- Estebanía Location in Dominican Republic
- Coordinates: 18°27′N 70°39′W﻿ / ﻿18.450°N 70.650°W
- Country: Dominican Republic
- Province: Azua
- Municipality: 2001

Area
- • City: 159.20 km^{2} (61.47 sq mi)

Population (2012)
- • City: 10,154
- • Density: 63.781/km^{2} (165.19/sq mi)
- • Urban: 4,189
- Climate: Aw

= Estebanía =

Estebanía is a small town about a 10-minute drive from the city of Azua de Compostela in the Azua Province of the Dominican Republic. The town is close to another municipality named Las Charcas. The municipality covers an area of 187.27 km2.
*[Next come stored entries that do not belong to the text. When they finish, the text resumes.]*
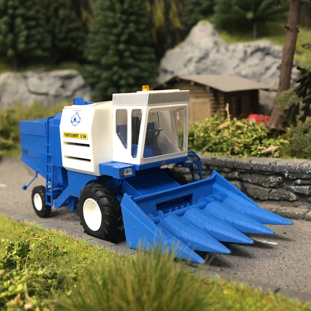 Moissoneuse-batteuse, Fortschritt E514, bleu/blanc, cueilleur à maïs - BUSCH 40184 - HO 1/87
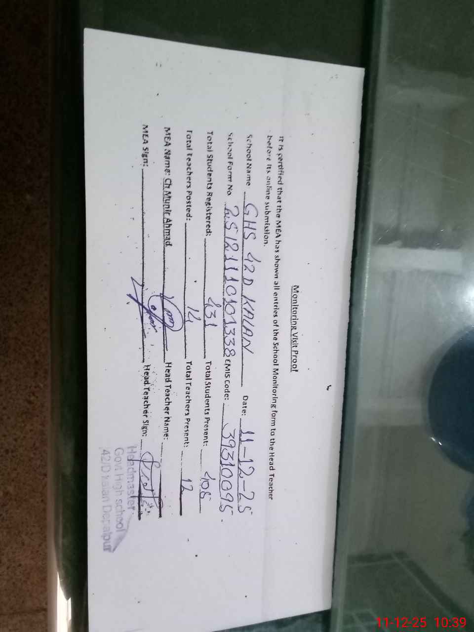 | Attendance Register | Head Teacher | MEA with School | Visit Proof |
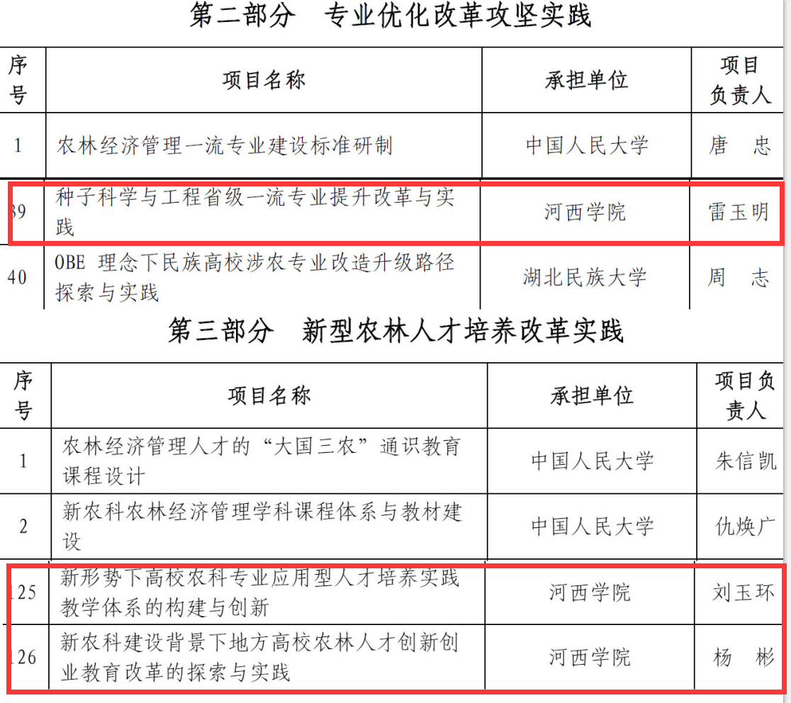 新农科研究与改革实践项目是教育部为深入贯彻落实习近平总书记给全国涉农高校书记校长和专家代表重要回信精神,以新农科建设为统领,推进高等农林教育创新发展的重要举措。

As with most other Dominican towns, baseball is a major pastime in Estebanía. Local children play the sport at the town's baseball field, whether by themselves or with a team.

==History==
Estebanía was made a municipal district of Azua de Compostela in 1997 and then it was elevated to the category of municipality of the Azua province in 2001.

==Economy==
The main economic activity of the municipality is agriculture. The town is growing economically due to the support of Dominican emigrants living in the United States. Most of the emigrants live in New York City, particularly Washington Heights, the Bronx, Queens, and the suburbs of New Jersey and Long Island. However, many others live in Miami, Boston and other parts of the Northeastern United States.

Men in the town are typically farmers, while women are almost strictly housewives. However, women from poorer families work outside the house, either selling fresh produce or as maids in the homes of others.